画像ウィンドウの左下の「クイックマスクモード/標準モード切り替え」アイコンクイックマスクモード/標準モード切り替えアイコンをクリックしてクイックマスクモードにしましょう。

クイックマスクモードに

ここでは人物の顔を残して徐々にぼかしをかけたいので、グラデーションの始点を顔にして外に向かってマウスをドラッグします。

ドラッグしてグラデーション

ドラッグすると、グラデーションの方向を表すEnd Endpointダイアログが開くので「close」をクリックしましょう。

End Endpointダイアログ

キーボードのEnterキーを押してグラデーションを確定しましょう。

Enterキーを押してグラデーションを確定

次に、画像ウィンドウの左下の「クイックマスクモード/標準モード切り替え」アイコンクイックマスクモード/標準モード切り替えアイコンをクリックして標準モードに切り替えましょう。

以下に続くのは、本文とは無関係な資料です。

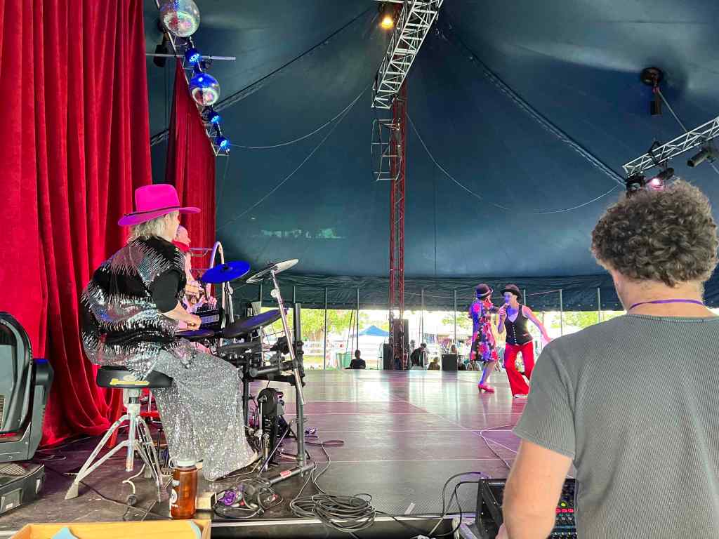 She was one of the performers for the Over 50s Cabaret as part of the Mullumbimby Circus Festival, and that’s how I found myself lugging my new old kit and heavy amp down to a circus marquee for ‘sound check’.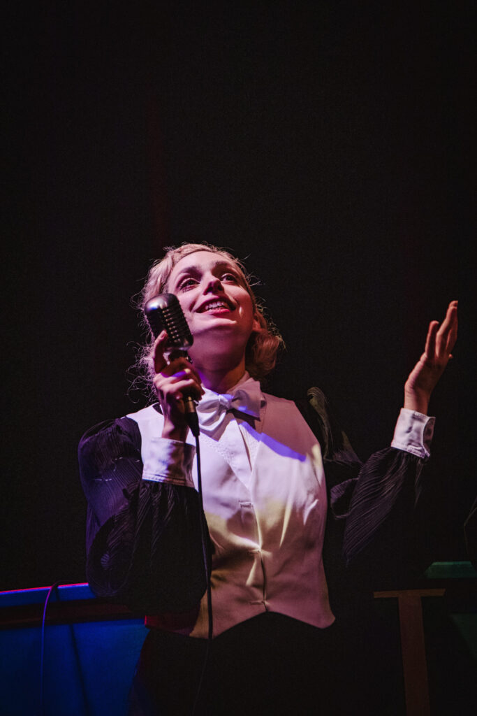 Caroline brings a dynamic energy to the stage, interacting seamlessly with the other performers and enriching the spirit of the club. Her presence also ensures the work is accessible and immersive, creating a shared experience that resonates with all audiences.

標準モードに切り替えると顔の周りが選択範囲になりました。

顔の周りが選択範囲に

今度は、メニューバーからフィルターぼかしガウスぼかしをクリックしましょう。

Gaussian Blur...

ガウスぼかしダイアログが開きます。プレビューを見ながらSize XまたはSize Yでぼかしを調整しましょう。

調整ができたら「OK」をクリックしましょう。

Size XまたはSize Yでぼかしを調整

最後に、メニューバーから選択選択を解除をクリックしましょう。

選択を解除

これで、クイックマスクを利用して選択範囲以外のところをぼかすことができました。

クイックマスクを利用して選択範囲以外の部分をぼかす

おわりに

GIMPのクイックマスクの基本的な使い方と活用方法をご紹介しました。クイックマスクモードに切り替えて、描画ツールを使って塗っていくだけで選択範囲を作成できるってことがわかりましたね。また、クイックマスクを利用することで選択ツールなどで作成した選択範囲の修正も簡単にできます。ぜひ試してみてくださいね。